Keywords Biotic; Chicago School of Sociology; Concentric Zone Theory; Dominance; Ecological School; Ethnography; Qualitative Research; Quantitative Research; Social Control; Social Darwinism; Social Distance; Succession; Zone of Transition
Sociological Theory > Robert Park & Urban Ecology
Overview
Chicago School of Sociology & Robert Ezra Park
The Chicago (or "Ecological") School was an important force in the establishment of sociology as a distinct and influential discipline in the United States. Although the Chicago School was more of a school of working sociologists than a distinctive and coherent school of thought, Park and his colleagues and students played an important role in developing a more scientific methodology for studying social issues related to crime, immigration, and urban development (Becker, 1999).
The experience and program of research that Park brought to the study of sociology at the University of Chicago suited the situation well: The school was pursuing a more empirical approach to scholarship, and the city itself was experiencing both substantial growth and extensive social problems. Park had covered similar social problems for twelve years as a journalist and reporter, and he subsequently spent seven winters studying racial conflict in the American South. That course of study was undertaken on the advice of Booker T. Washington, the President of the Tuskegee Institute. Park had also spent nine years as Washington's secretary and studied racial issues domestically and internationally in that capacity.
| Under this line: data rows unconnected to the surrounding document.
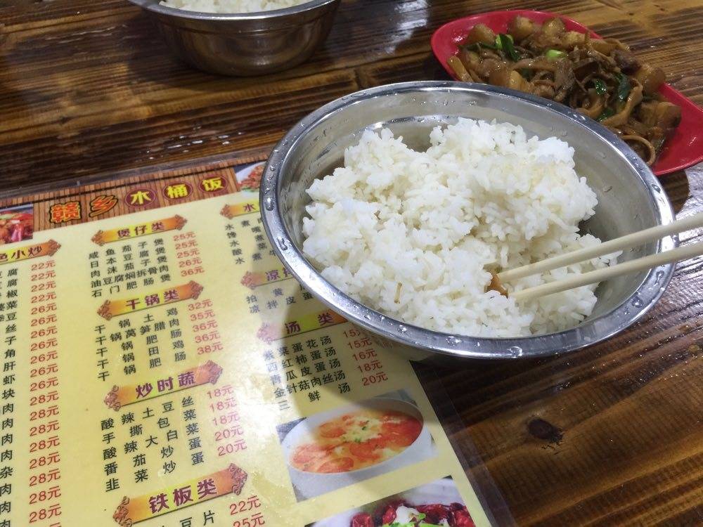 出去吃木桶饭,老板说没木桶了。瞬间变成民工套饭。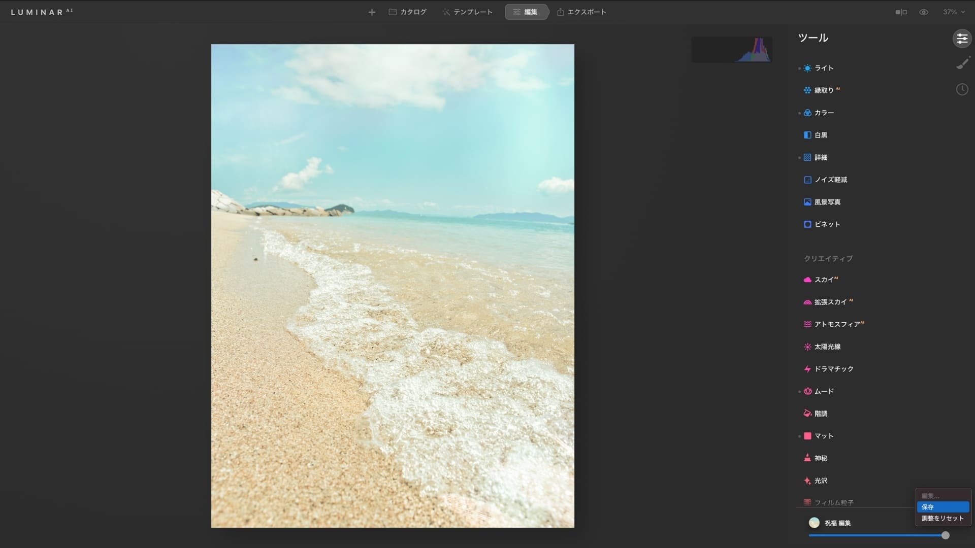 このカスタムしたテンプレートを保存できれば、他の写真でもすぐに適用することができます。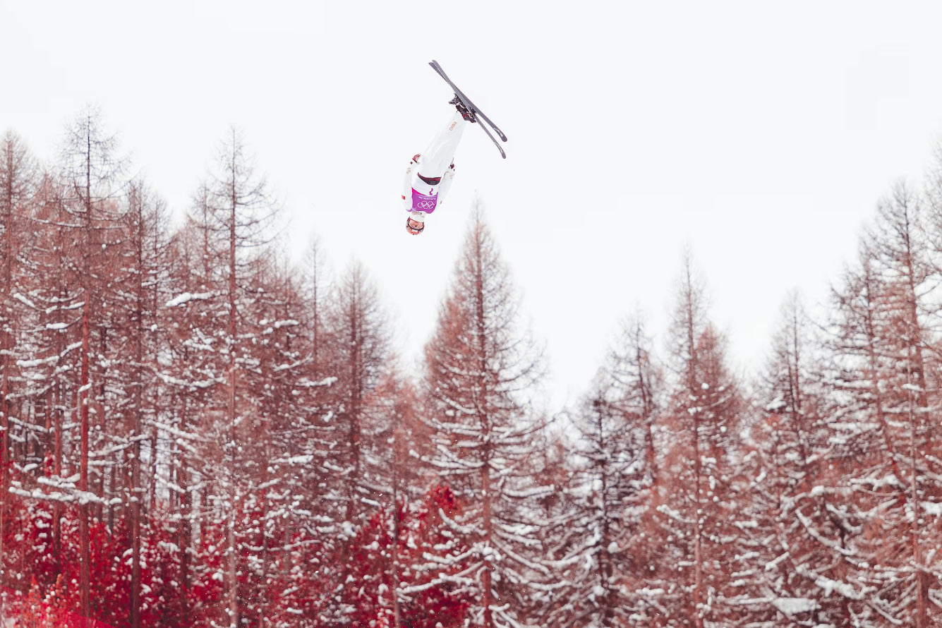 Для создания этого снимка Мэнтао Сюй из сборной Китая, выступающей в женской воздушной акробатике в 12-й день зимних Олимпийских игр 2026 года, использовалась инфракрасная камера с фильтром. (Фото Hector Vivas):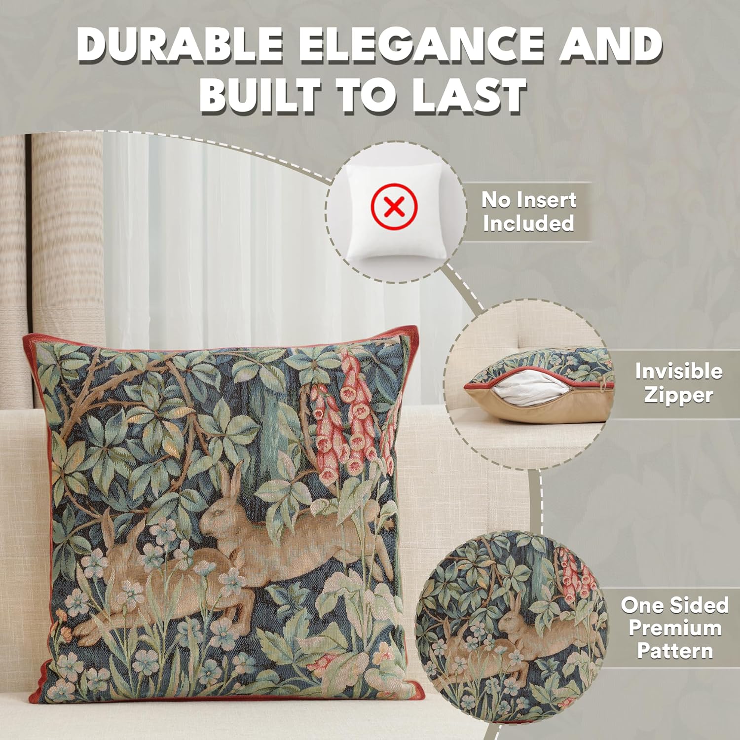 Charlotte Home Furnishings Decorative Tapestry Pillow Cover 19x19 in, Green Hares Couch Throw Pillow Cover, French Country Square Cushion Cases for Living Room Home Decor, Soft Cotton Jacquard Woven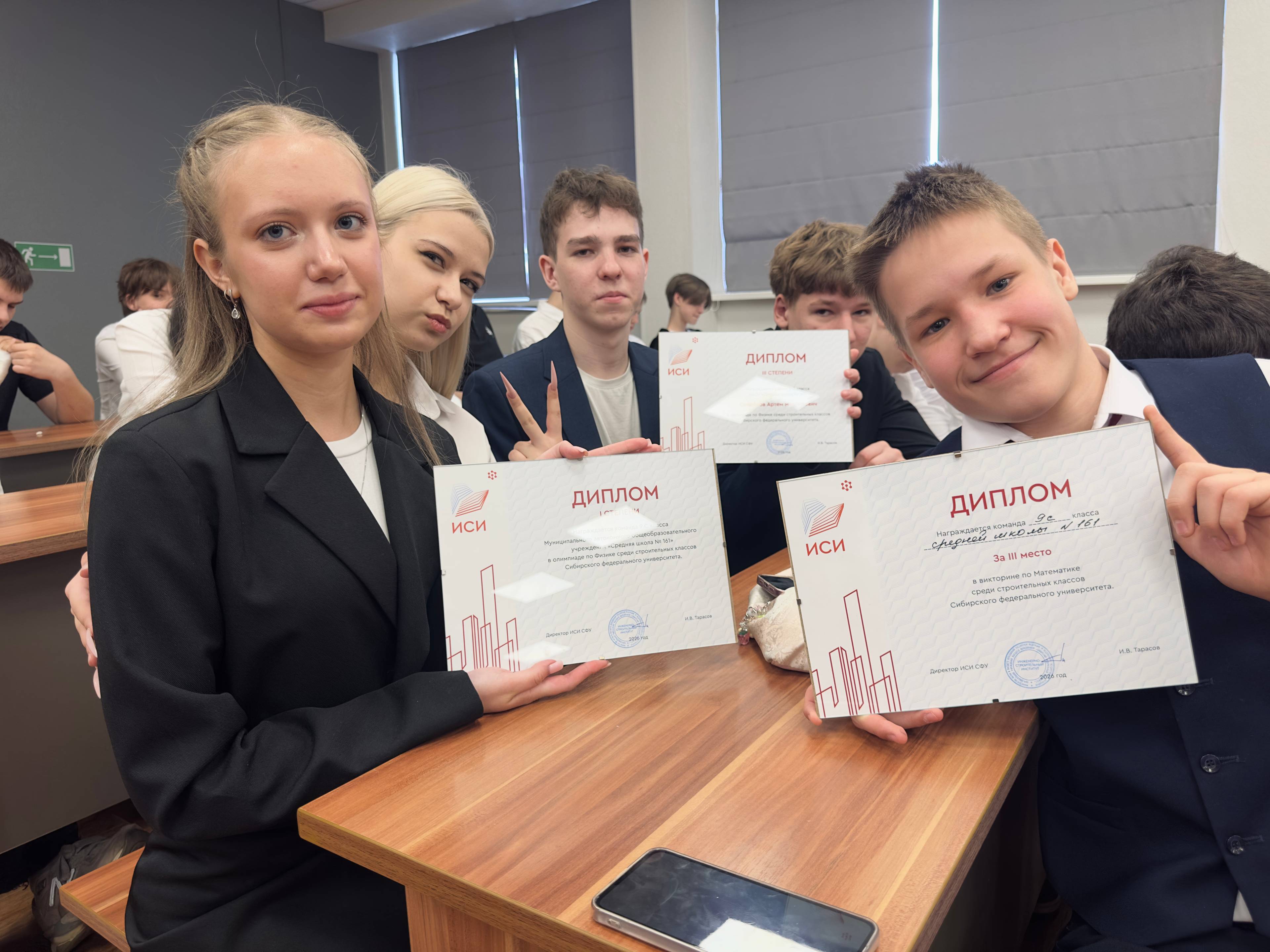 Абсолютными победителями по результатам всех испытаний стали школьники гимназии № 9, получив Кубок «Лучший инженерно-строительный класс, 2026». Первое место в олимпиаде по физике заняла школа № 161, в викторине по математике и конкурсе видеороликов — команда гимназии № 9. Специальный приз жюри «За лучшую режиссуру и креативный подход» ушёл школе № 133 за самый запоминающийся видеоролик.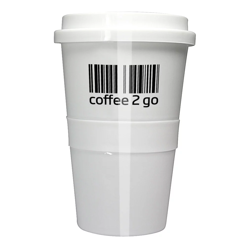 Tasse à café élégante avec couvercle plastique de qualité et bague silicone à nervures (protection thermique), contenance 3 dl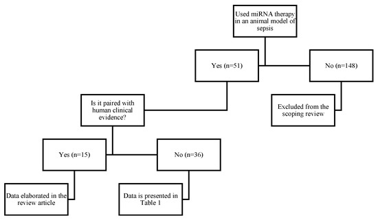 The information source and search strategy was limited to PubMed, which was searched until 15 October 2023, using the keywords (microRNA) AND (sepsis) AND (animal model). We specifically excluded papers that did not focus on microRNAs as the targets of therapy, that did not include animal models, that did not show organ failure-specific assessments, and that focused on microRNAs as biomarkers. The PRISMA-ScR guideline was used in this study.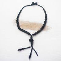 "Working with beads and discs of recycled plastic, Ghanaian artisan Tina Quaye creates an eco-friendly Y-necklace. Black in color, this necklace makes a statement for environmental responsibility. The artisan names this accessory Tutum Yefe, which means 'black is beautiful' in the Akan language."

Park likened a good sociologist to a reporter who presents factual information of such quality that it can simultaneously provide insight about the reader and society itself. He also frequently told his students that the role of the prospective sociologist is to pursue information objectively rather than to be a "crusader" (Coser, 1977). Nevertheless, an aura of societal reform hovers around much of the work of the Chicago School. Common topics of Chicago School dissertations include homelessness, deviant behavior, crime, strikes, ghettos, and brothels (Abbott, 1997). Park termed sociology "the science of collective behavior" (quoted in Coser, 1977, p. 358).
The Urban Environment
Park used the Darwinian notion of a "web of life" to illustrate the comparison between natural and urban environments. He literally studied insect ecology in order to find a model that could be applied to human society (Cortese, 1995). The rhetorical emphasis Park and others placed on terms like "competition," "conflict," "scarce resources," and "division of labor" can distract contemporary readers from the fact that these terms were meant to emphasize multiple interactive relationships rather than mere competition (Abbott, 1997). In short, Park is sometimes taken to be an advocate of the discredited notion of social Darwinism, which viewed competition and social hierarchy as a healthy or desirable forces. Gross and Krohn (2005) summarize the central idea that urban ecology explored: "All parts of the environment are interdependent and are moved by individual, collective, and ecological forces" (p. 69).
Park & Burgess's “Introduction to the Science of Sociology”
Park was more proficient as an editor, collaborator, teacher, and dissertation supervisor than as a writer or researcher. Ernest Burgess has been credited with systematizing Park's somewhat vague theories and imperatives regarding practitioner detachment (Cortese, 1995). In a seminal early sociological textbook, Introduction to the Science of Sociology, Park and Burgess (1966 [1921]) developed a four-stage system for describing social processes:
- Competition
- Conflict
- Accommodation
- Assimilation
The first stage exists at the biotic level in that it is universal to all living things; the second at the conscious level in that it is related to periodic disputes over issues such as social status or limited resources; the third involves a temporary suspension of conflict through social control and the subordination of one of the parties involved in the conflict; and the fourth involves a resolution of the related conflict through integration (or "assimilation") into a common culture (pp. 502–505, 644–665; 730–735; Coser, 1977). The meaning of the term "assimilation" is this formula is a crucial but contentious issue.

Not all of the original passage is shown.